## TASK BRIEF
Look below for the line that contains "איך הוא שמר", and write out exactly that line and all remaining lines of the listing, omitting pictures.

## DATA PROVIDED
####

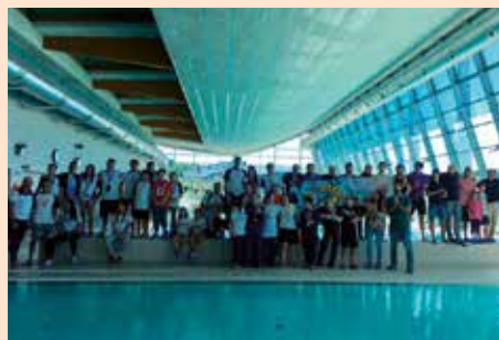
Down Swim Fest
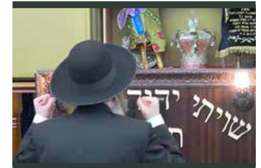
בקבלת עול מלכות שמים

איך הוא שמר על גחלת הישיבות, גחלת התורה, כל ראשי הישיבות אומרים, וכל האדמו"רים, כולם המומים, באיזה שמירה מעולה שמר שלא יפגם זיו כל שהוא ממסורת הקדושה בתורה הק' מכל הדורות, שכל הישיבות הקדושות ימשיכו בקדושה ובטהרה עם יר"ש. דאג שלא יהיה סטייה חלילה מקדושת התורה ומקדושת הישיבות. כמה דאג לבחורים, עד כדי שזה היה לעיתים קשה לראשי הישיבה, כשהוא כ"כ לא נתן לזרוק בחור, כמובן בגבול מסוים, כשהבחור אינו מקלקל ח"ו. הוא טען, לאן הבחור ילך?, לרחוב, עם כל הפיתויים? ואכן באמת כמה וכמה בחורים זכו להישאר בישיבות הקדושות בזכותו. את כל הלב מסר עבור בני הישיבות.
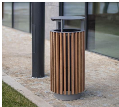
referenční obrázek – odpadkový koš se stříškou

Viz výkres D 3.2 Charakteristické detaily – odpadkový koš
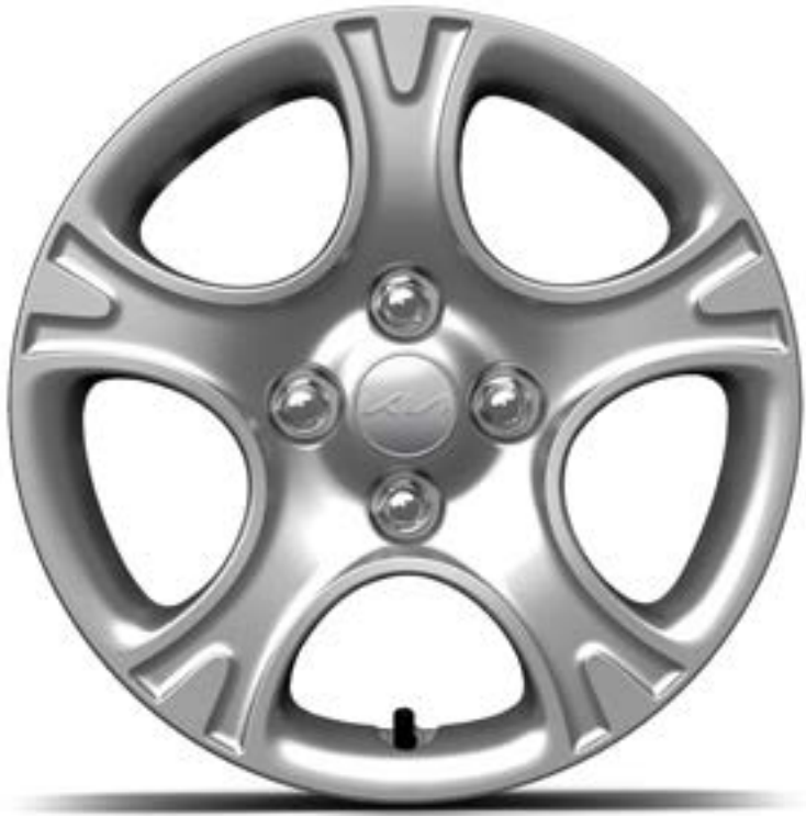
Llanta de acero de 14"
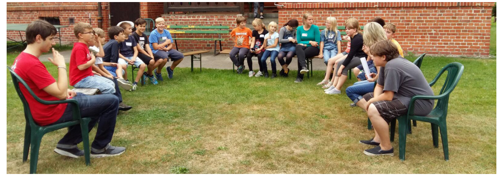
Spaß und Spannung bei der Bibellesenacht
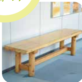
千葉県庁の19階にも設置されています。
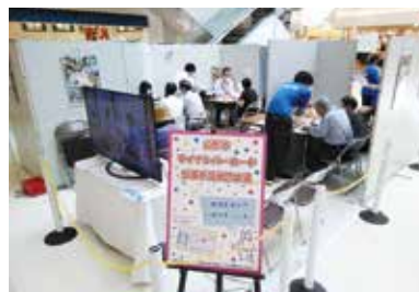
▲イオンモール山形南の出張受付
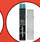
Lamp Guard Pro
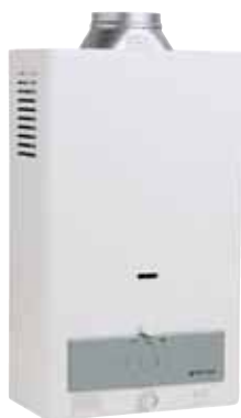
serie IGME b

####

## RESULT OF THIS TASK
איך הוא שמר על גחלת הישיבות, גחלת התורה, כל ראשי הישיבות אומרים, וכל האדמו"רים, כולם המומים, באיזה שמירה מעולה שמר שלא יפגם זיו כל שהוא ממסורת הקדושה בתורה הק' מכל הדורות, שכל הישיבות הקדושות ימשיכו בקדושה ובטהרה עם יר"ש. דאג שלא יהיה סטייה חלילה מקדושת התורה ומקדושת הישיבות. כמה דאג לבחורים, עד כדי שזה היה לעיתים קשה לראשי הישיבה, כשהוא כ"כ לא נתן לזרוק בחור, כמובן בגבול מסוים, כשהבחור אינו מקלקל ח"ו. הוא טען, לאן הבחור ילך?, לרחוב, עם כל הפיתויים? ואכן באמת כמה וכמה בחורים זכו להישאר בישיבות הקדושות בזכותו. את כל הלב מסר עבור בני הישיבות.
referenční obrázek – odpadkový koš se stříškou

Viz výkres D 3.2 Charakteristické detaily – odpadkový koš
Llanta de acero de 14"
Spaß und Spannung bei der Bibellesenacht
千葉県庁の19階にも設置されています。
▲イオンモール山形南の出張受付
Lamp Guard Pro
serie IGME b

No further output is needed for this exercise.